* **Problem to solve**
Restate word for word the lines below that run from the one holding "La cerimonia di" through the one holding "茶区则以克制而凝练的线条与沉", inclusive. Pictures don't belong in the copy.

* **Supplied material**
----

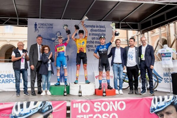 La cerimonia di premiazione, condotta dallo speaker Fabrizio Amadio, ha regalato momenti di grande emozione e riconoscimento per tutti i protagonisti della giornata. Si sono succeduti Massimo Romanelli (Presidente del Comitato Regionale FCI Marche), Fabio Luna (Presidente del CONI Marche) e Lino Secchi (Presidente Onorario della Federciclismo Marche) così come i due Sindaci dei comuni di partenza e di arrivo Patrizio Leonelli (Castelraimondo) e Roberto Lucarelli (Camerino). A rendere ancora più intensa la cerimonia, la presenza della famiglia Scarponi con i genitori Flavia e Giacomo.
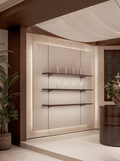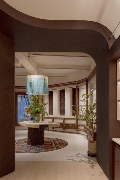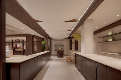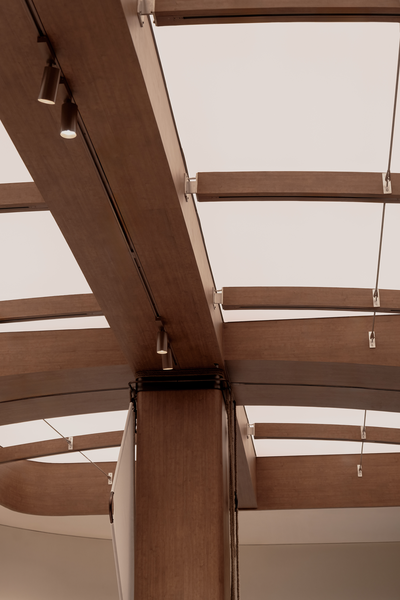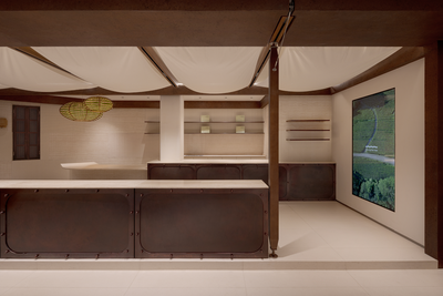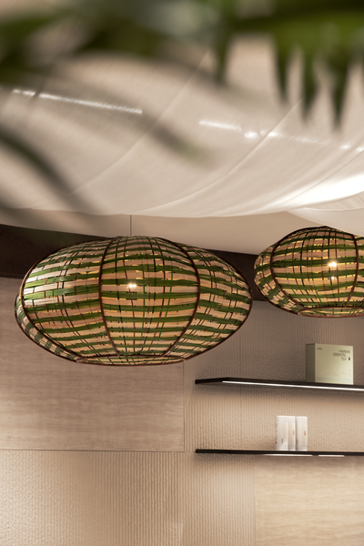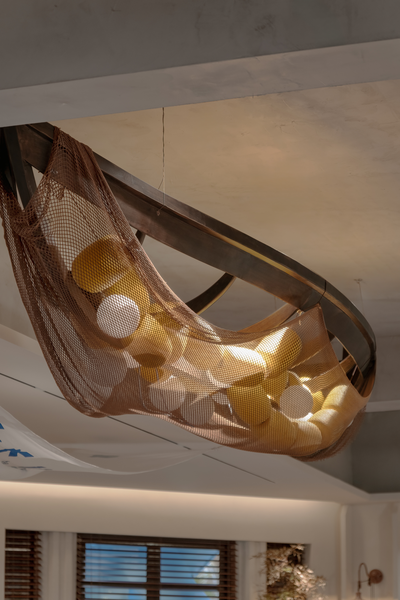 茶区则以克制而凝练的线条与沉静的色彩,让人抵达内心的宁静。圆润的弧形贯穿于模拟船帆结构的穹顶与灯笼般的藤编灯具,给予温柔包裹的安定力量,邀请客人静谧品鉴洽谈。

----

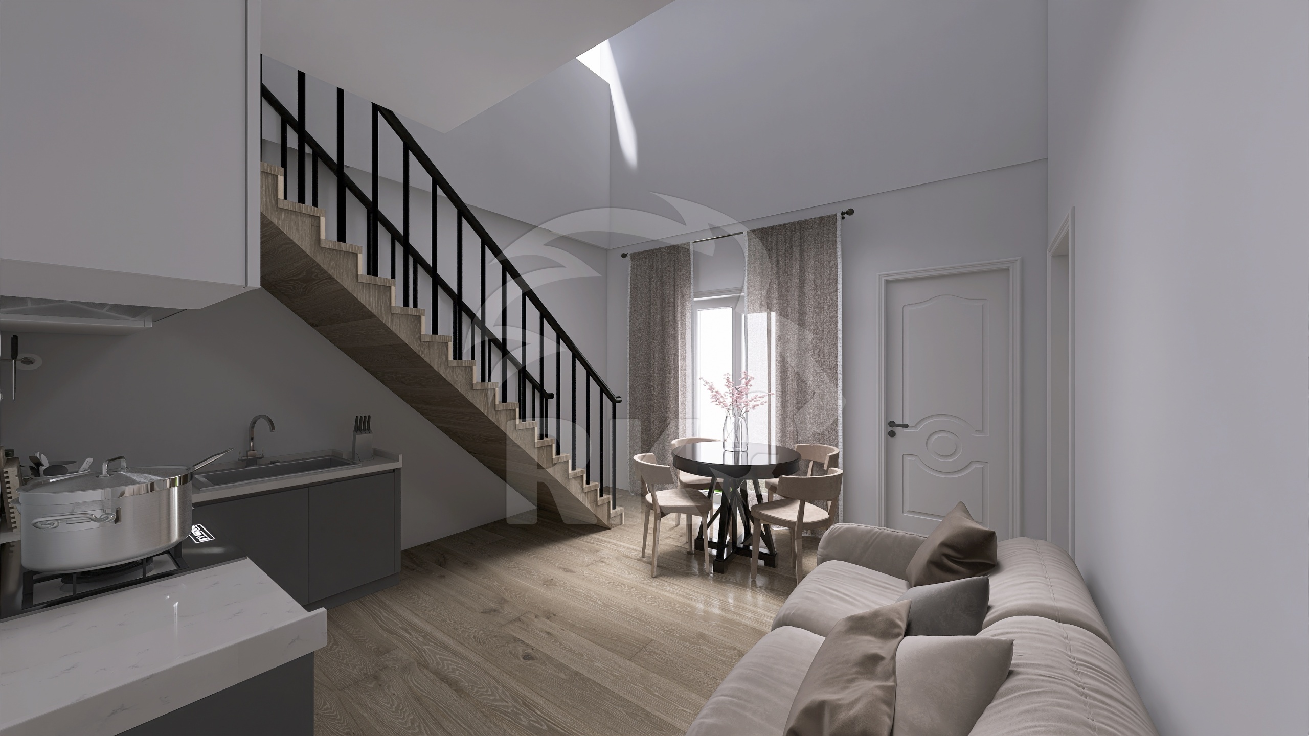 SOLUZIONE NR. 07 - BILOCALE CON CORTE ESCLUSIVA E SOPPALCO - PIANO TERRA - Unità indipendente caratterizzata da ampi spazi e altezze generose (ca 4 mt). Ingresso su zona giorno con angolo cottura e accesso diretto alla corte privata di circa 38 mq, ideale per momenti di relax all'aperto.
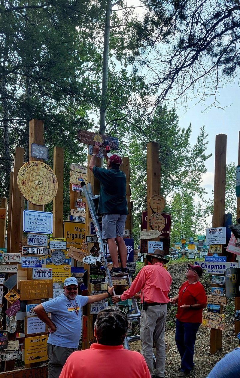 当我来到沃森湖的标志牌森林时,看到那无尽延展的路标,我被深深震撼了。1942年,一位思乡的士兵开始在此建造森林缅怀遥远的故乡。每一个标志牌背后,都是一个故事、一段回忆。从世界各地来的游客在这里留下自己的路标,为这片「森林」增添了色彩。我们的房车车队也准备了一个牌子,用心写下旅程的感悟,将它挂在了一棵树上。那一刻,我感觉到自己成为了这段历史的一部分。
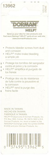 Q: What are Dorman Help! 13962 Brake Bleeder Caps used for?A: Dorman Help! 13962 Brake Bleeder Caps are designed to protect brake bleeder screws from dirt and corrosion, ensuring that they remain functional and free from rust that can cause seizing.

----

* **Written solution**
 La cerimonia di premiazione, condotta dallo speaker Fabrizio Amadio, ha regalato momenti di grande emozione e riconoscimento per tutti i protagonisti della giornata. Si sono succeduti Massimo Romanelli (Presidente del Comitato Regionale FCI Marche), Fabio Luna (Presidente del CONI Marche) e Lino Secchi (Presidente Onorario della Federciclismo Marche) così come i due Sindaci dei comuni di partenza e di arrivo Patrizio Leonelli (Castelraimondo) e Roberto Lucarelli (Camerino). A rendere ancora più intensa la cerimonia, la presenza della famiglia Scarponi con i genitori Flavia e Giacomo.
 茶区则以克制而凝练的线条与沉静的色彩,让人抵达内心的宁静。圆润的弧形贯穿于模拟船帆结构的穹顶与灯笼般的藤编灯具,给予温柔包裹的安定力量,邀请客人静谧品鉴洽谈。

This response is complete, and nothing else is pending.